Balancing a plate of hors d’oeuvres and a glass of punch, Gabe stood in the doorway to what had probably been the family’s living room. Folding chairs filled in the gaps between a couple of seating areas and various displays. All he had to do was claim one.

He noted the room’s exits—an open door leading to the outside patio, a set of closed double doors, and the entrance from the hallway he’d just walked through. None of the unoccupied chairs gave him a line of sight to all three.

He shifted toward the sound of a childish laugh. A small sofa sat at an angle to the fireplace, the hearth graced with a large bouquet of flowers. Amy Somers sat beside a young boy bent over an electronic tablet. The two seemed lost in their own world.

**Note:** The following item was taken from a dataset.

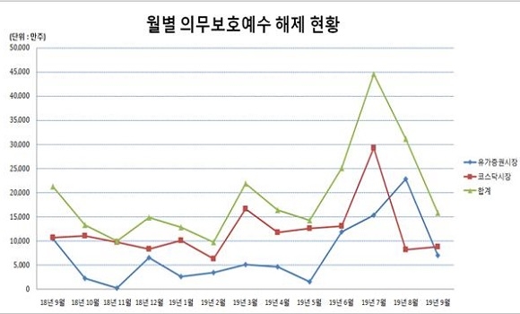 예탁결제원은 2019년도 9월 의무보호예수 해제 예정 현황 자료를 30일 발표했다.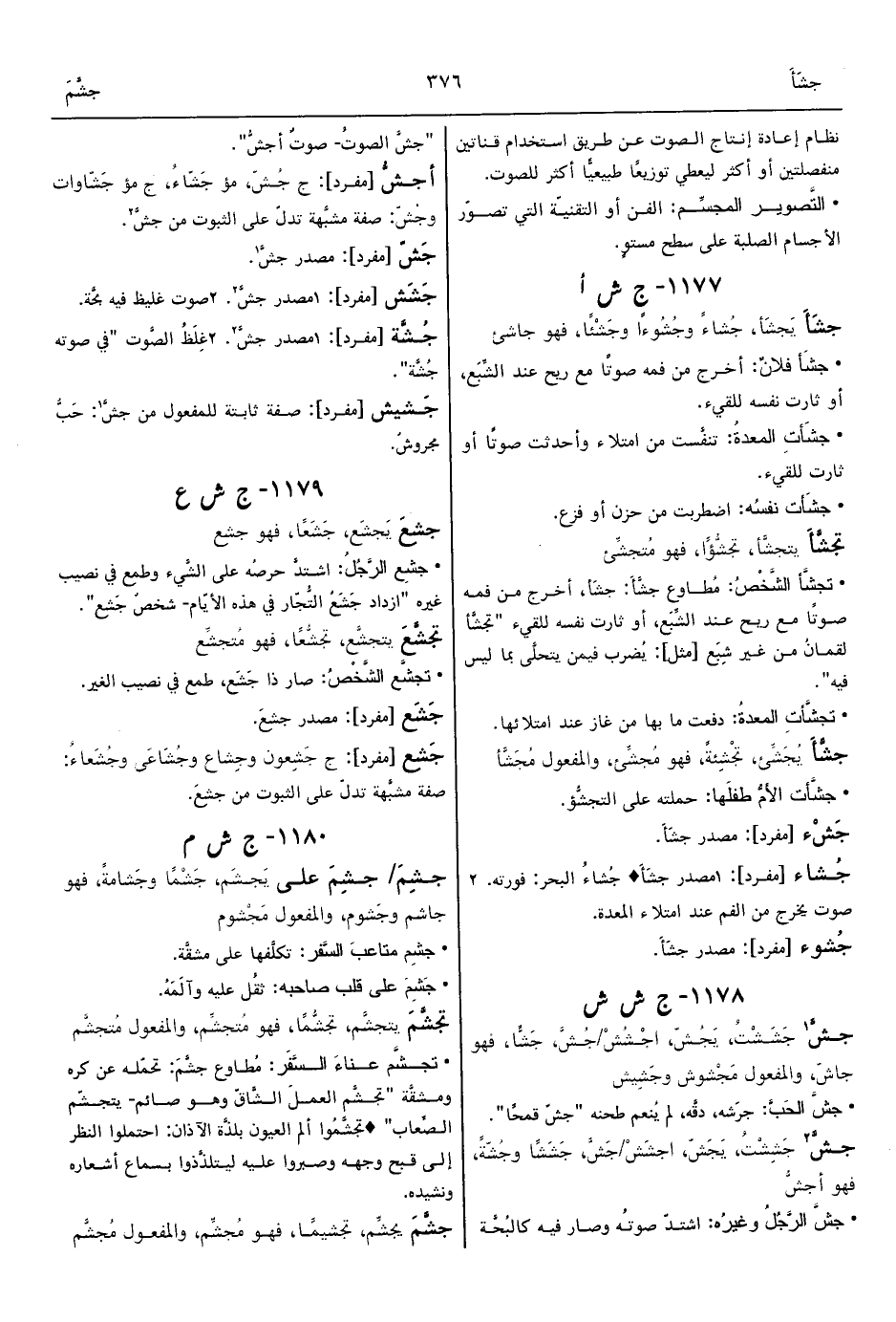 • جشَأ فلانٌ: أخرج من فمه صوتًا مع ريح عند الشِّبَع، أو ثارت نفسه للقيء.

In this unguarded moment, Amy’s expression showed none of the wary defensiveness she’d worn at the creek. Before he could stop himself, he glanced at her left hand. The same surreptitious peek he’d managed earlier when she’d clutched the picnic table. No wedding band then and none now.

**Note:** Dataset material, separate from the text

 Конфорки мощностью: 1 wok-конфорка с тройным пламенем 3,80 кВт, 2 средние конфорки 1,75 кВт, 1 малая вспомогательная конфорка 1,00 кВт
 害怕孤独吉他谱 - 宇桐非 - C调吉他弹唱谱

Yet the boy’s blond hair matched hers almost exactly. Their family resemblance was unmistakable.

Just then Amy glanced up and caught him staring. He tried to hide his embarrassment with a broad smile. “Mind if I join you? I never quite got the trick of handling a plate and a glass at the same time.”

“If you wish,” she said distantly.

He set his plate and glass on the coffee table, then situated a folding chair so his back was to the double doors. Under the circumstances, it was the best he could do. Not that he expected any trouble here.

Once he was seated, he focused on the boy. “Who’s this young man?”

Amy playfully poked the boy with her elbow.

“I’m Jonah,” he said as he looked up from the screen. “Jonah Jensen.”

“Glad to meet you. I’m Gabe Kendall.”

“Are you a friend of Aunt Amy’s?”

An odd sense of relief buoyed Gabe’s spirits. So Jonah was her nephew, not her son. Not that it should matter.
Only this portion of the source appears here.